新富士バーナーの業務用パワーガス・プロRZ-860は、業界トップクラスの220g容量を誇る専用ガスカートリッジです。新開発の吸収材とロングタイプ缶を採用し、寒冷地でも安定した火力を維持しやすく、継ぎ目のない缶構造で一般カートリッジ比2倍の耐圧強度を実現しています。


RZ-831等の専用カートリッジ対応モデル専用品のため、CB缶対応モデル(RZ-731S等)には使用できません。購入前に手持ちのトーチが対応するカートリッジ規格か確認してください。


寒い時期の屋外配管作業が多い人、ガス切れの心配を減らして連続作業したい人におすすめです。


配管用トーチの基礎知識・選び方
配管ロウ付け用トーチは、大きく「専用カートリッジ式」と「カセットガス(CB缶)式」に分かれます。専用カートリッジ式は火力・炎温度が高く本格的なロウ付けに向く一方、カセットガス式はガスの入手性とコストで優れています。
ワンアクション式と連続炎式の違い
ワンアクション式はボタン操作で着火・消火が一瞬で行え、細かい断続作業に向いています。連続炎式はロック機構で炎を持続させたまま両手を作業に使えるため、配管を固定しながらのロウ付けなど連続作業向きです。
炎の形状(集中炎・広がり炎)もチェック
集中炎タイプはピンポイントに高温を当てられるため接合部のロウ付けに向き、広がり炎タイプは配管全周をまんべんなく炙れるため予熱や広範囲の加熱に向いています。用途に応じて空気孔調整で切り替えられるモデルも多いので、購入前に確認しておくと失敗が少なくなります。
使い方のコツ
ロウ付けは接合部全体を均一に加熱してからロウ材を流し込むのがコツです。僕自身、最初は炎を一点に当て続けてしまい、加熱ムラでロウがうまく回らなかった経験があるのですが、トーチを軽く動かしながら接合部全周を予熱するよう意識してからは、仕上がりが安定するようになりました。
専用カートリッジ式は寒い時期にガス切れになりやすいため、業務用の大容量カートリッジを予備で持っておくと現場での作業中断を防げます。
よくある質問
Q. 専用カートリッジ式とカセットガス式、どちらを選べばいいですか?
A. 太い銅管の本格的なロウ付けなど高火力が必要な作業には専用カートリッジ式、ガスの入手性やコストを重視するならカセットガス式が向いています。
Q. ロウ付け作業で注意することはありますか?
A. 炎を一点に当て続けず接合部全体を均一に予熱することが大切です。また換気の悪い密閉空間での使用は一酸化炭素中毒のリスクがあるため避けてください。
Q. 逆さ使用できるモデルだと何が便利ですか?
A. 天井付近の配管など、トーチを傾けたり逆さに構えたりする必要がある場面でガスが液状で噴き出さないため、安全に狭所・高所作業ができます。

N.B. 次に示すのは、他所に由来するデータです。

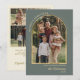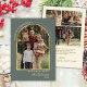 Elegant Gold Arch 4 Photo Season's Greetings Green Happy Holiday Card. Celebrate the season in style with this elegant family photo Christmas card featuring a modern gold colour arch-shaped photo frame. Personalise it with your favourite family photos, family name, and the year on neutral on sage green background. The festive minimalist design is highlighted with elegant faux-gold colour Season's Greetings typography, creating a warm and timeless look. The back showcases 3 photo collage with gold border and holiday message template with hand lettered names on cream white or off white background. A perfect holiday card to share with family and friends in winter holiday season.

配管用トーチはガス方式と炎の形状で使い勝手が大きく変わります。作業内容に合わせて選んでみてください。
まとめ
配管ロウ付け用トーチ4製品を、ガス方式・炎の伸び・操作性の3軸で比較しました。狭所・高所重視なら新富士バーナーRZ-831、ガスの入手性重視ならRZ-720E、取り回し重視ならSK11 ST-200SX、両手作業の安定感重視ならSK11 ST-300SVが候補になります。
寒い時期は業務用の大容量カートリッジを予備で持っておくと、現場でのガス切れによる作業中断を防げます。用途に合わせて無理のない範囲で活用してください。